LINIVETO.WNG (Converted) DAVID B. TIMMINS
2416 "I" Street, NW
Washington, DC 20037
February 10, 1990
The Honorable John Sununu
Chief of Staff
The White House
Washington, D.C.

Dear Governor Sununu:

As one who has written you on two previous occasions urging that you get the President to try out the putative line item veto that some constitutional scholars consider was not explicitly included in the Constitution only because the drafters took it for granted as a carry-over from the powers of colonial governors, I think it only right that I let you know how pleased I was to read in the February 9 Washington Post that the President has apparently line-itemed the State Department Appropriations Bill.

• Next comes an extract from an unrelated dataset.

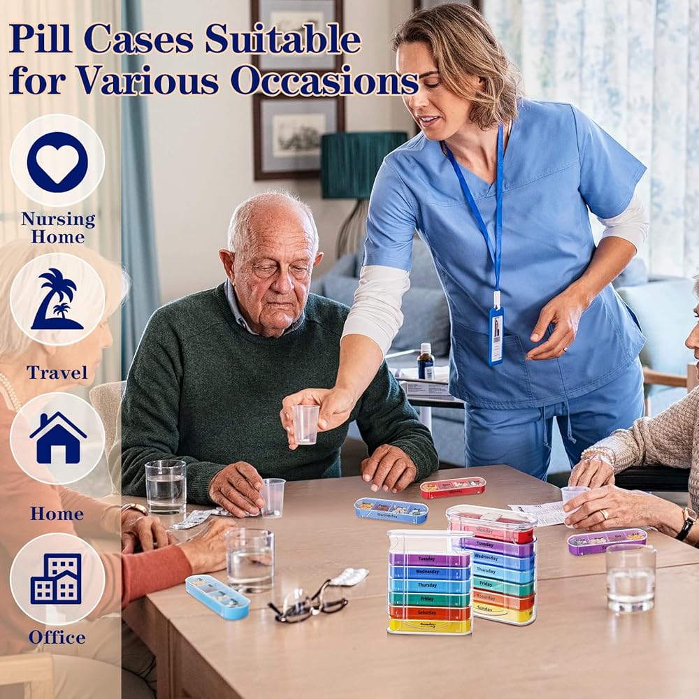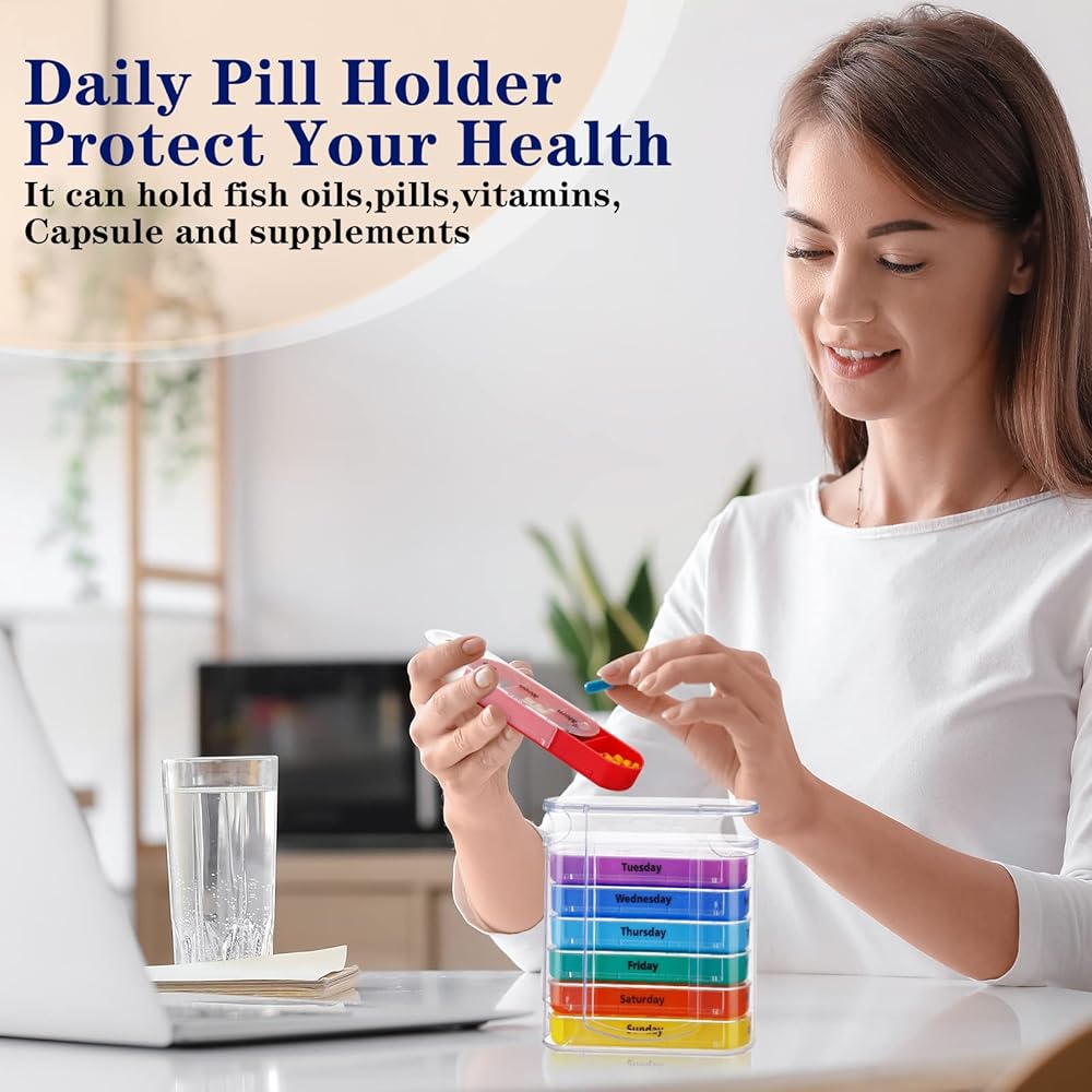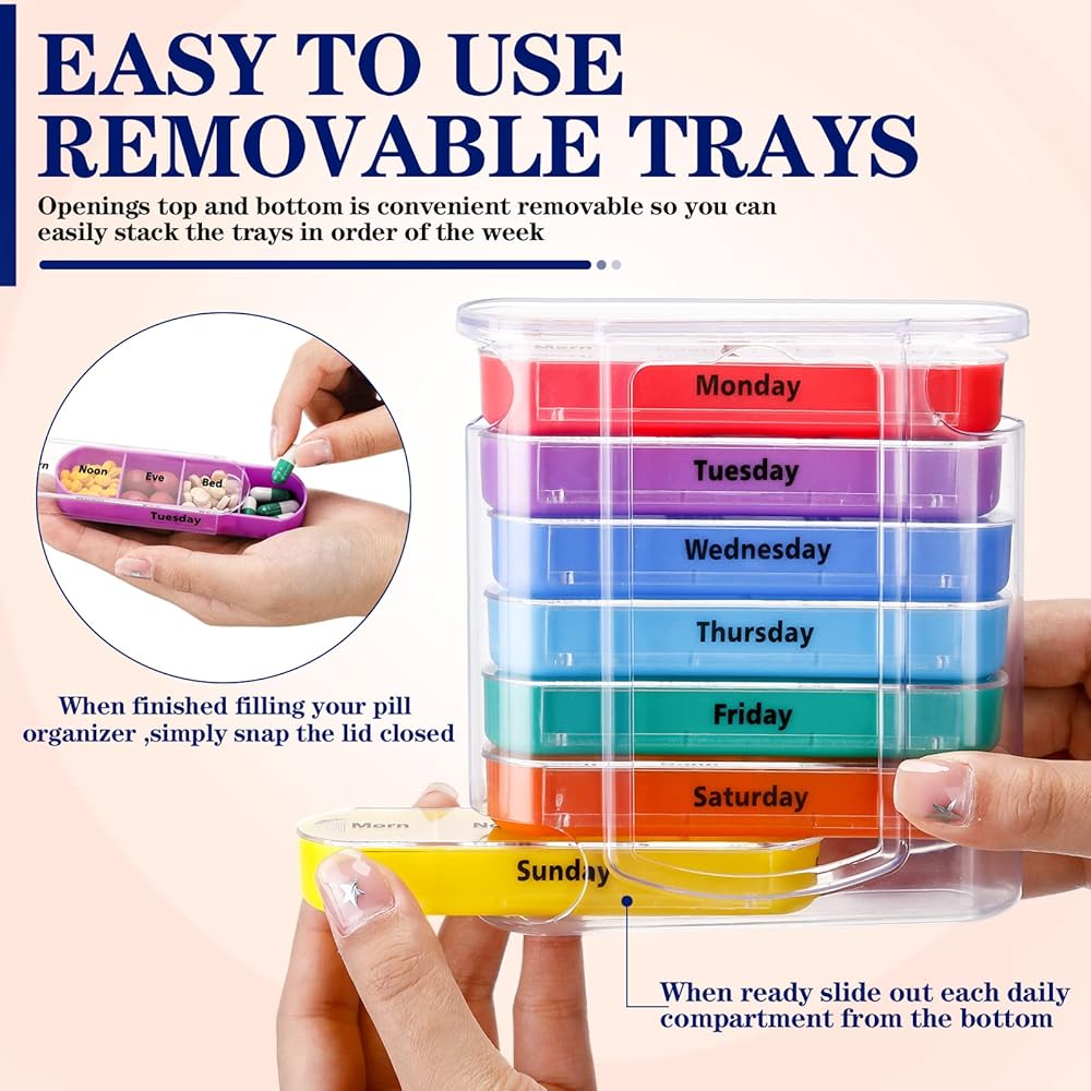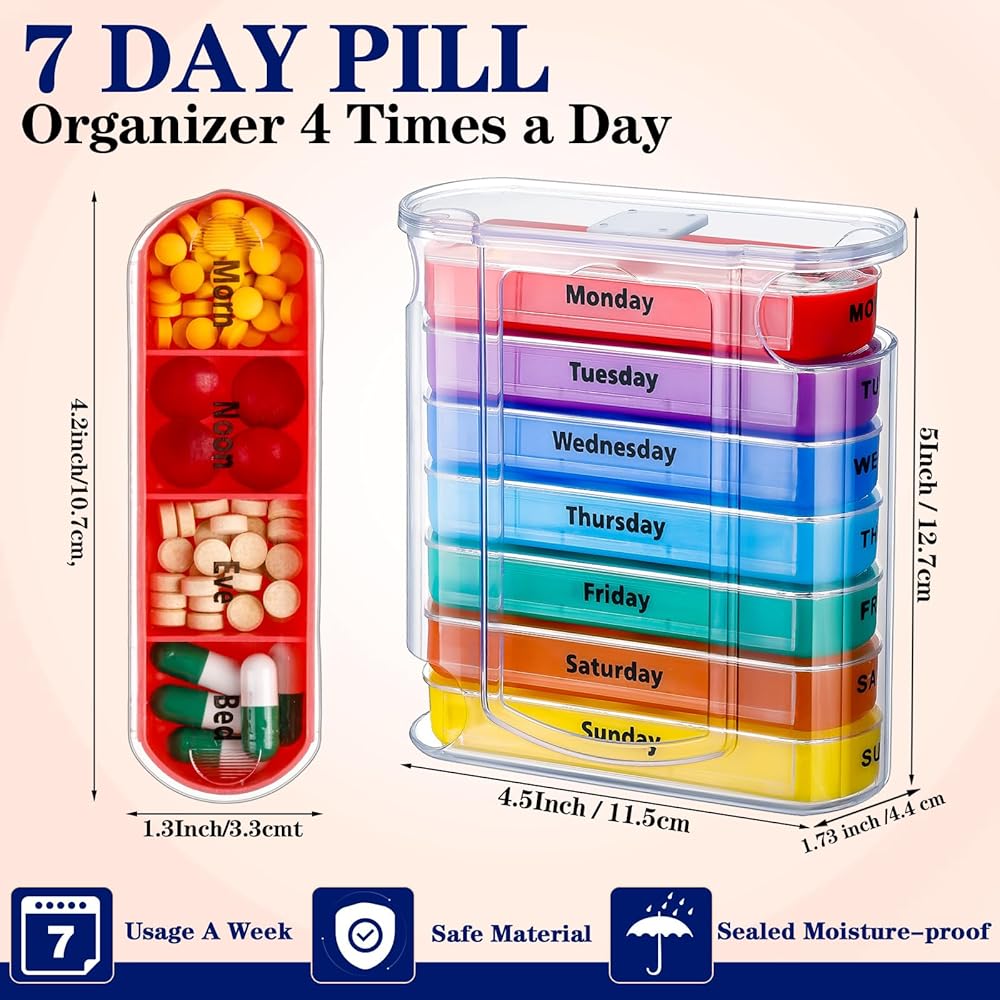• Bright Colors: the medication organizer has transparent case with each tray in different bright color, the days of the week, morning, noon, evening and bed, easily distinguish times to eat different pills and help you to eat pills in time

I think the wait for this bill was worthwhile, not only because foreign affairs is so clearly a Presidential mandate under the Constitution, but because the items included by the Congress, in the Appropriations Bill, especially the attempt to dictate the make up of a treaty-negotiating team, is such an unwarranted invasion of Executive privilege that I don't see how the Court can rule against the President's action. I also approve of the strategy not to make too much of this first exercise of an implicit power not used since the ratification of the Constitution. I think it an excellent idea for him just to announce that he'd ignore the unconstitutional portions of the Bill, rather than to make a big to do about explicitly vetoing one or more paragraphs. This had not occurred to me as a possible strategy and I congratulate you on thinking of it. It seems well adapted to line vetoing parts of future legislation, merely noting in an appended attachment to legislation which the President otherwise agrees with his intention to ignore specific provisions.

I think that, viewed historically, this may prove to be one of the major contributions of the Bush Presidency to the consitutional development of the country.

What a time to be in the White House: Eastern Europe, the Soviet Union, Panama, and now South Africa. We may not be the "perfect union" the Founding Fathers intended, but we are still the last best hope of the world and I pray every night that God will continue to pour his blessings on this nations despite our many mistakes and shortcomings, because we always seem to try the better way in time to avoid Heaven's censure. I hope this will be so with the drug crisis. I think it wise that President Bush has carefully avoided publicly vaunting the success of our country's policies of the past forty years, though one can't help taking pride in the unwaivering bi-partisan pursuit of the containment policy adopted almost two generations ago. Those who say the American form of government isn't up to consistently maintaining a foreign policy over time must surely reassess our form of government now. Not even Great Britain did better at the height of her power.